» **INSTRUCTIONS FOR THE TASK**
Your copy starts at the line containing "On May 7, 2019, at" and ends at the last line below. Copy exactly, without pictures.

» **RECORDED DATA**
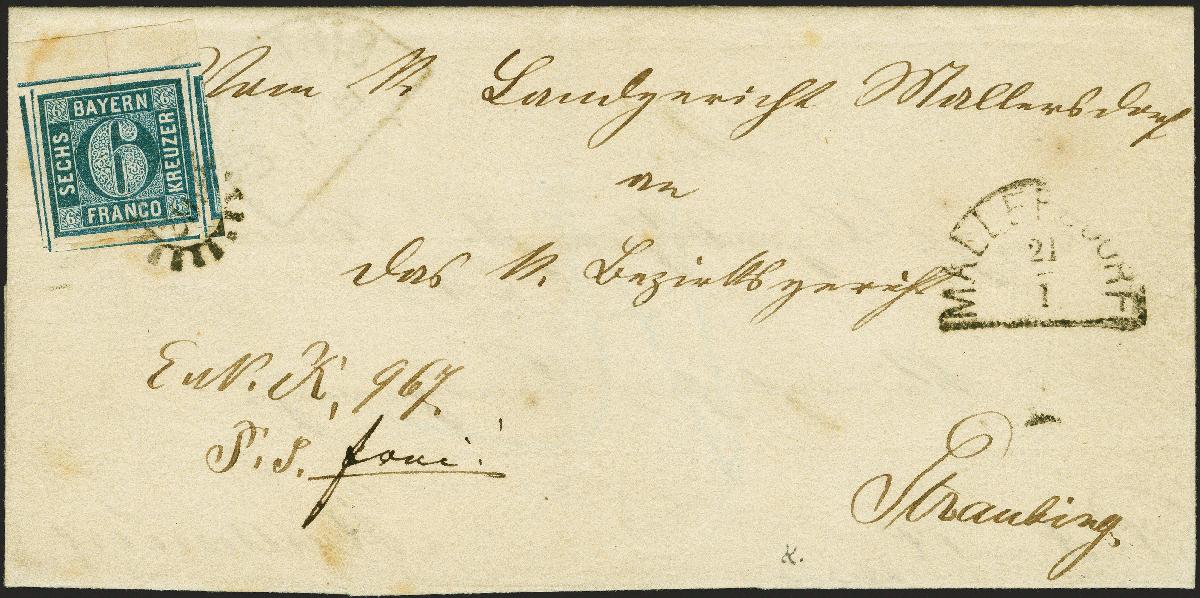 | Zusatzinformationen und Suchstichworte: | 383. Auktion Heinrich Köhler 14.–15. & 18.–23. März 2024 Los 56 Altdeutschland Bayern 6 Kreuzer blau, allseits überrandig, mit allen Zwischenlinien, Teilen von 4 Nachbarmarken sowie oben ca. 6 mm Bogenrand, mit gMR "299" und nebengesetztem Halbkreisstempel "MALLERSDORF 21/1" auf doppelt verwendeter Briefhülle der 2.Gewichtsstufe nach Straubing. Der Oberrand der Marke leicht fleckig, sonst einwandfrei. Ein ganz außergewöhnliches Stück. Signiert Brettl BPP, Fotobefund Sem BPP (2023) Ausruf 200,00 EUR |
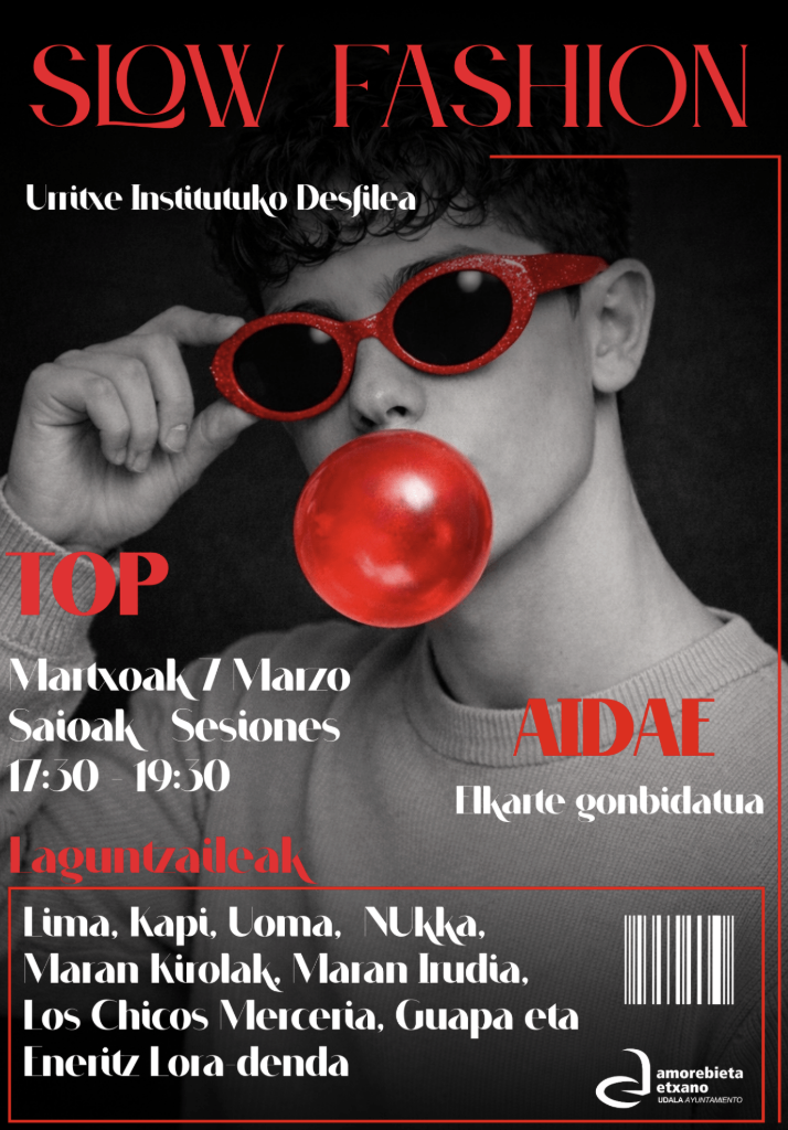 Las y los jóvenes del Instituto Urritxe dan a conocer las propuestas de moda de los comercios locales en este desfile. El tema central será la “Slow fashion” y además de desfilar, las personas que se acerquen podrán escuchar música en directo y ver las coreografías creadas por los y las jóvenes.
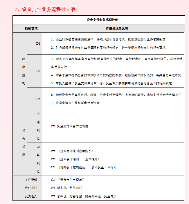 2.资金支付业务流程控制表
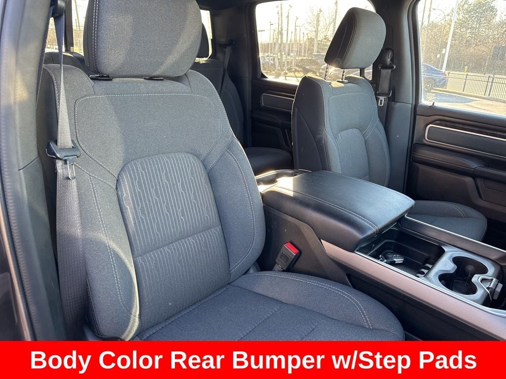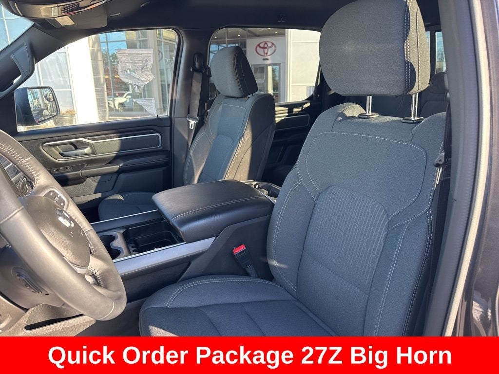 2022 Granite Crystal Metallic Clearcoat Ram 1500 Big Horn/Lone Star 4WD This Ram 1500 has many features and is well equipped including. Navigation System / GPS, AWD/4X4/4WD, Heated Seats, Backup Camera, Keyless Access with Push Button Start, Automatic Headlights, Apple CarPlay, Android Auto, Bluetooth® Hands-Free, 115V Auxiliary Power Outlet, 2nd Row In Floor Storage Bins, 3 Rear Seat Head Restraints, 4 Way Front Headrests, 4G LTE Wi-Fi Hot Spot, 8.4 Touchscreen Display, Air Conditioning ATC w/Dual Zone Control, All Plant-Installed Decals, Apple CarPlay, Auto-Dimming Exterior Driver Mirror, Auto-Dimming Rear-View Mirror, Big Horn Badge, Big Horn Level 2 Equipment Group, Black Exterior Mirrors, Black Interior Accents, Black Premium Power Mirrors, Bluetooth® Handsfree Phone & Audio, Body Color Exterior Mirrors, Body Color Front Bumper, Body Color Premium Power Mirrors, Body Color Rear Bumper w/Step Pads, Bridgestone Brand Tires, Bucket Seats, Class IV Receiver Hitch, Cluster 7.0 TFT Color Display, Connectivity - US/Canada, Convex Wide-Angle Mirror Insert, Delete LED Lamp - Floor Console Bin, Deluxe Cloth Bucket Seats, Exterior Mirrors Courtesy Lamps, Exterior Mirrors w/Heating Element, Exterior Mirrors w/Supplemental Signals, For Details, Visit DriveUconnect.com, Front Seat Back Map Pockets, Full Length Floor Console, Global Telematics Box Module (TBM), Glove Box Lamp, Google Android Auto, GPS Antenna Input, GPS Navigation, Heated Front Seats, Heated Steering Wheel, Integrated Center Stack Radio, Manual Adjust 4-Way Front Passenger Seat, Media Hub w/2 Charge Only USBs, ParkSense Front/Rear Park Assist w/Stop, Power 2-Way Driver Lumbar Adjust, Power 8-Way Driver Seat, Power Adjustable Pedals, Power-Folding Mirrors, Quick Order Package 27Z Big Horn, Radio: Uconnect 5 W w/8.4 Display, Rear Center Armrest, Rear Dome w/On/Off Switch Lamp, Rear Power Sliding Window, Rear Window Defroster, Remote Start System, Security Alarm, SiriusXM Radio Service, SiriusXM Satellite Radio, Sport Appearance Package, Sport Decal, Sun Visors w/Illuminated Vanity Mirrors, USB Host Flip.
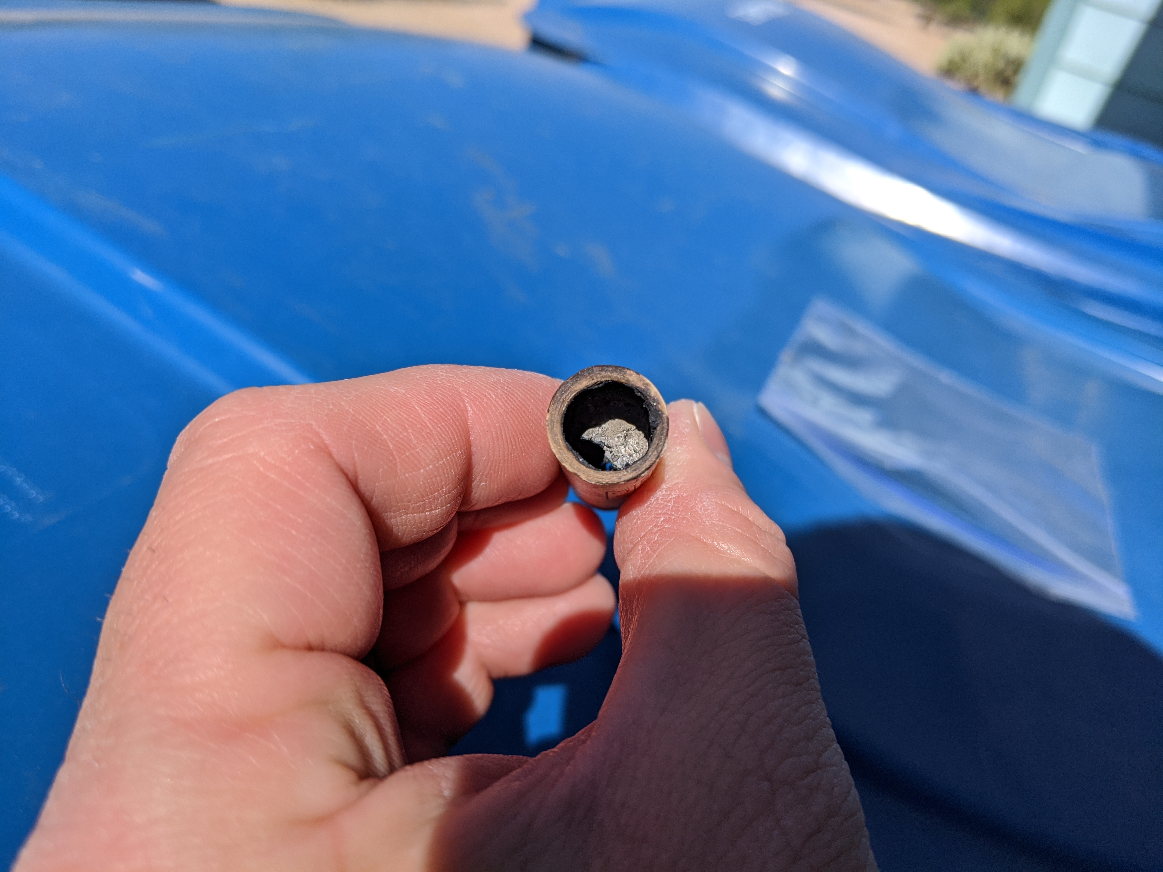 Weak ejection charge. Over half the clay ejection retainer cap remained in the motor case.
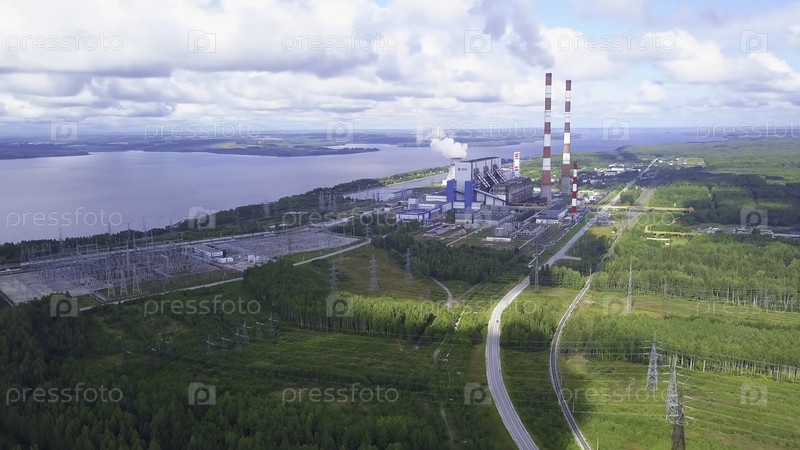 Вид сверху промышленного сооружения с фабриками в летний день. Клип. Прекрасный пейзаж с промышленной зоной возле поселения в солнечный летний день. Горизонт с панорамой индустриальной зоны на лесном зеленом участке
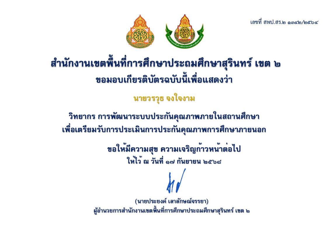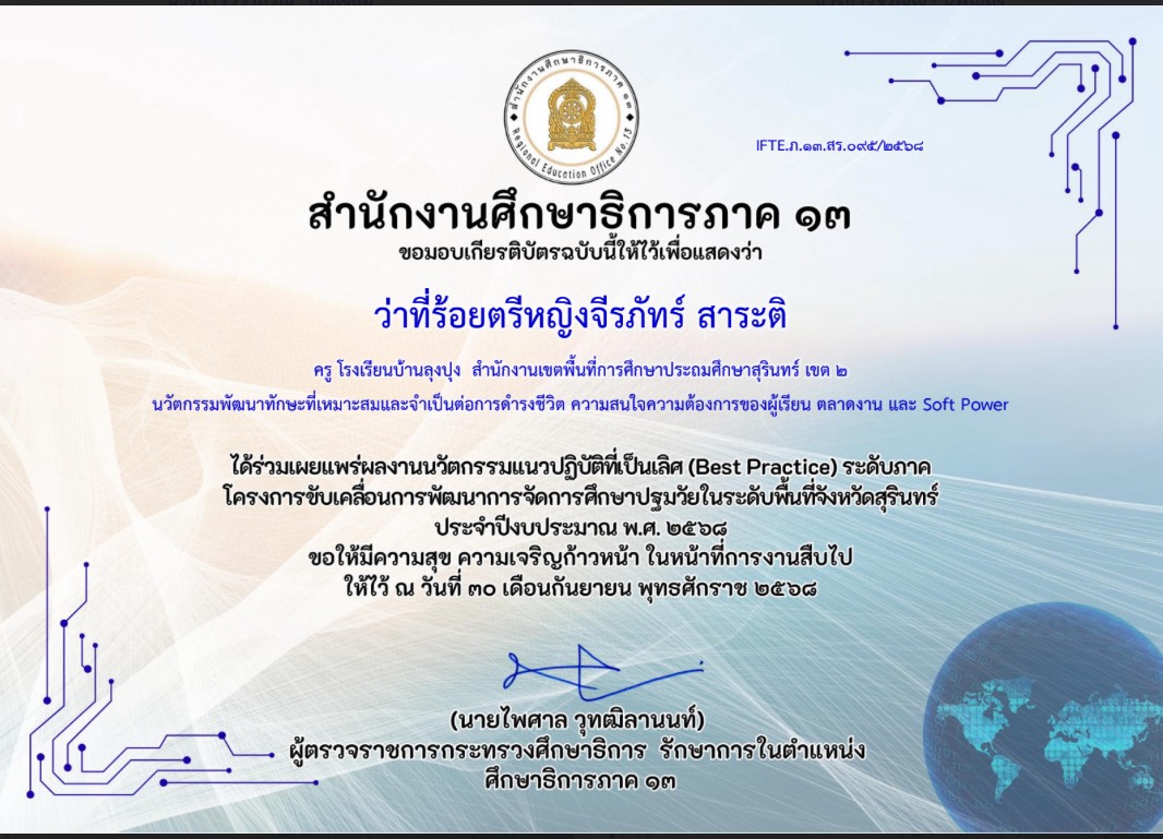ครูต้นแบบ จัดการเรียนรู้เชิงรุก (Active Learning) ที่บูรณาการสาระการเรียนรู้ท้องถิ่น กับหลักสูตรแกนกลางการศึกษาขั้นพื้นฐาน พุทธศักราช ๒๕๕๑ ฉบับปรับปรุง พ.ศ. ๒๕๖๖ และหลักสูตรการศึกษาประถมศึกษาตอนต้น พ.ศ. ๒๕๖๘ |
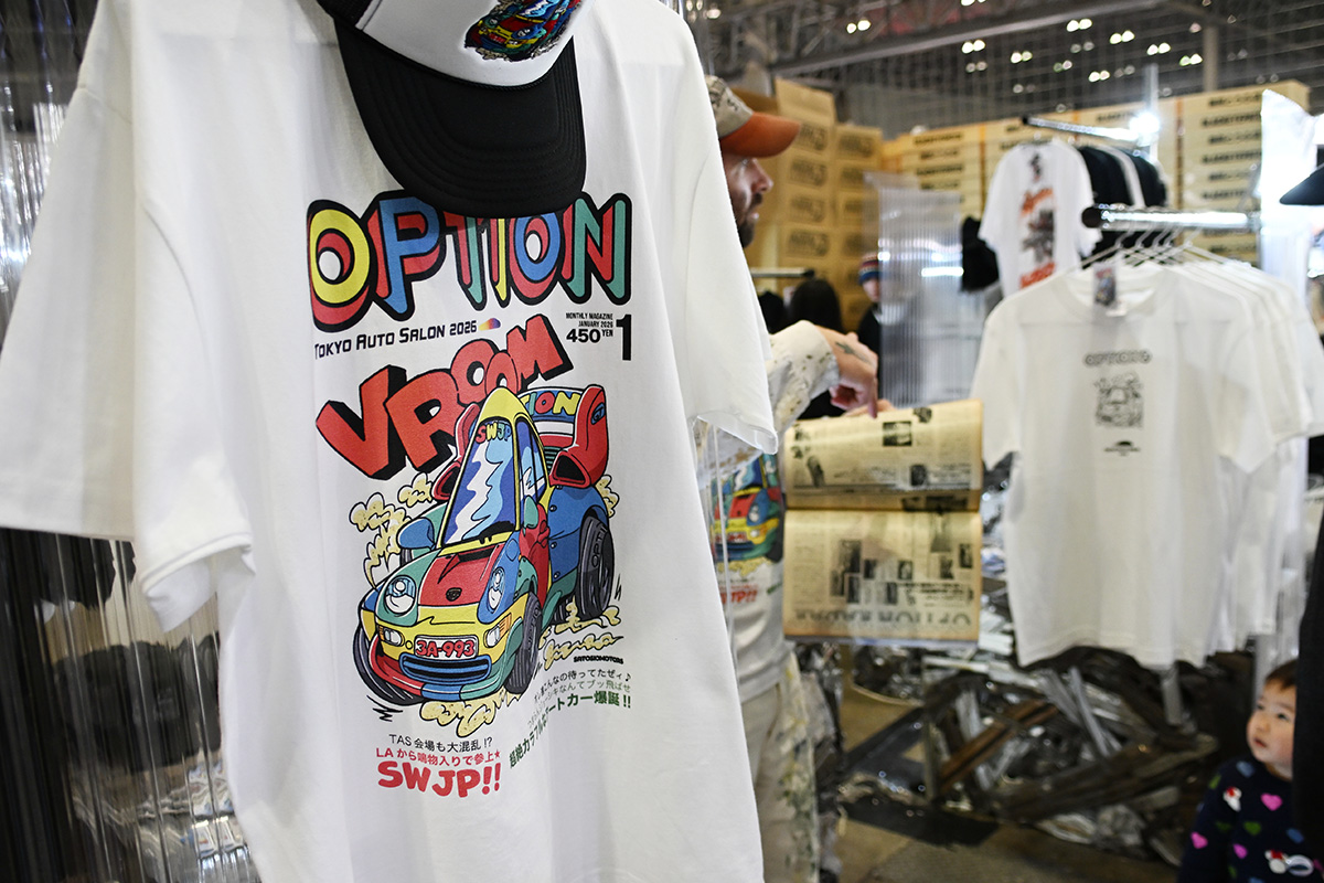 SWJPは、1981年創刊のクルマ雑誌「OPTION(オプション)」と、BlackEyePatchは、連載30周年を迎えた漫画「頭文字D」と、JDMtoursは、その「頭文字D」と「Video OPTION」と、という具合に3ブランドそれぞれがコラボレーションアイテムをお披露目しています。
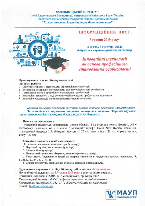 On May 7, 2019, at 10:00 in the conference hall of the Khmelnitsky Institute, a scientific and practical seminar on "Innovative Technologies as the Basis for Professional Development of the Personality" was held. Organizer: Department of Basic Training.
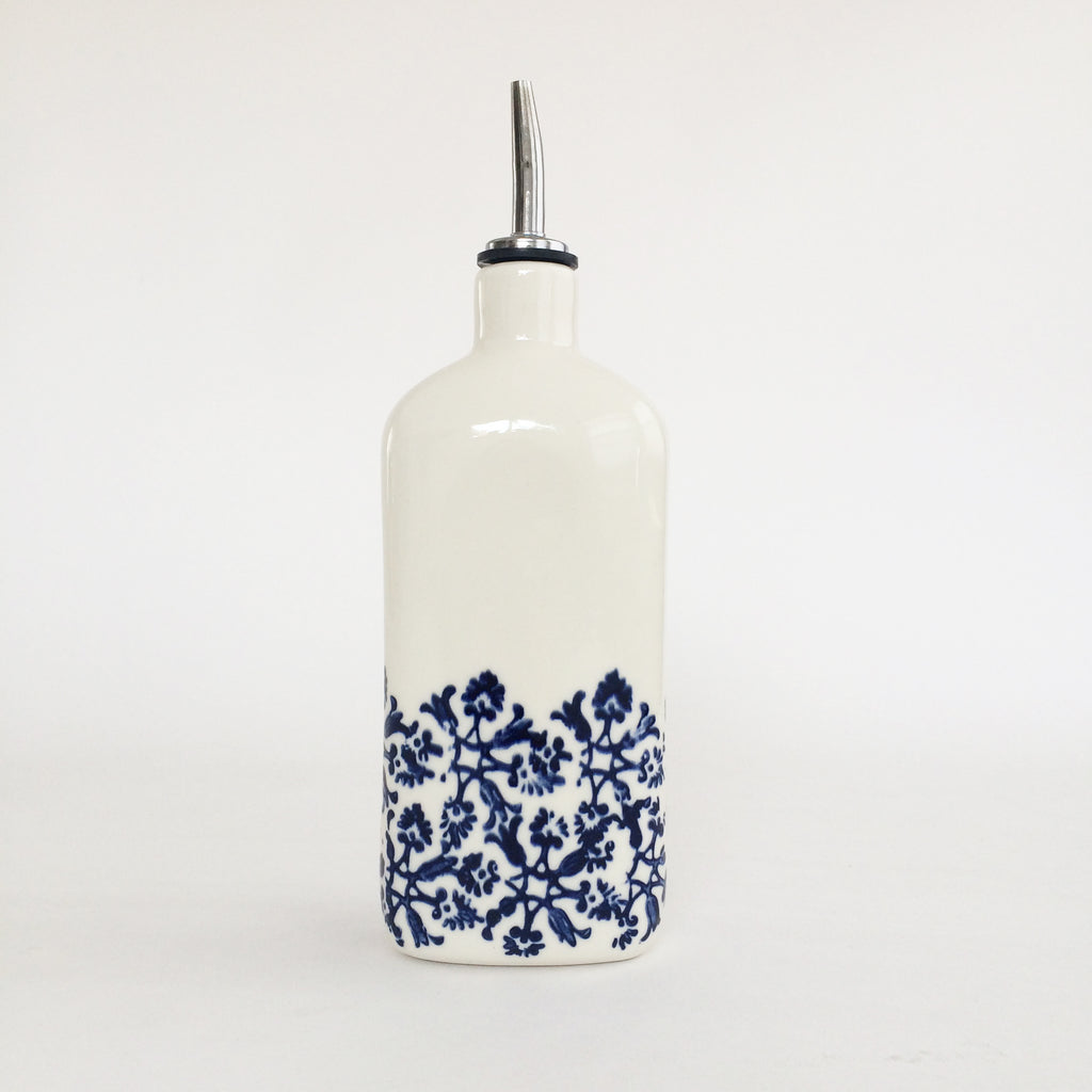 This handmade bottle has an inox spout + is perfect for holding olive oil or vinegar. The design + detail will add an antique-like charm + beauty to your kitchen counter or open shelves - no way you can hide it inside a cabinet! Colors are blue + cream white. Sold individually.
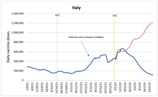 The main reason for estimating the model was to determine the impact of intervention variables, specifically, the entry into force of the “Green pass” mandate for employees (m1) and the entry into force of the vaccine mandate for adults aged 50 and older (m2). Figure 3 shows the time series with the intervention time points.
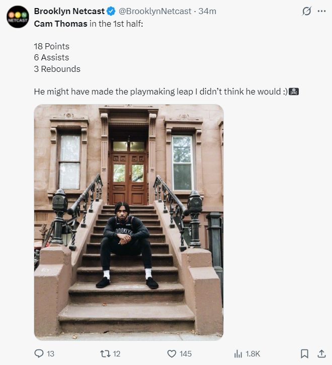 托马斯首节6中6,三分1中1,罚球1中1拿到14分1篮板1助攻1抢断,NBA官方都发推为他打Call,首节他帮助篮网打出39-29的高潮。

» **TASK OUTPUT**
 On May 7, 2019, at 10:00 in the conference hall of the Khmelnitsky Institute, a scientific and practical seminar on "Innovative Technologies as the Basis for Professional Development of the Personality" was held. Organizer: Department of Basic Training.
 This handmade bottle has an inox spout + is perfect for holding olive oil or vinegar. The design + detail will add an antique-like charm + beauty to your kitchen counter or open shelves - no way you can hide it inside a cabinet! Colors are blue + cream white. Sold individually.
 The main reason for estimating the model was to determine the impact of intervention variables, specifically, the entry into force of the “Green pass” mandate for employees (m1) and the entry into force of the vaccine mandate for adults aged 50 and older (m2). Figure 3 shows the time series with the intervention time points.
 托马斯首节6中6,三分1中1,罚球1中1拿到14分1篮板1助攻1抢断,NBA官方都发推为他打Call,首节他帮助篮网打出39-29的高潮。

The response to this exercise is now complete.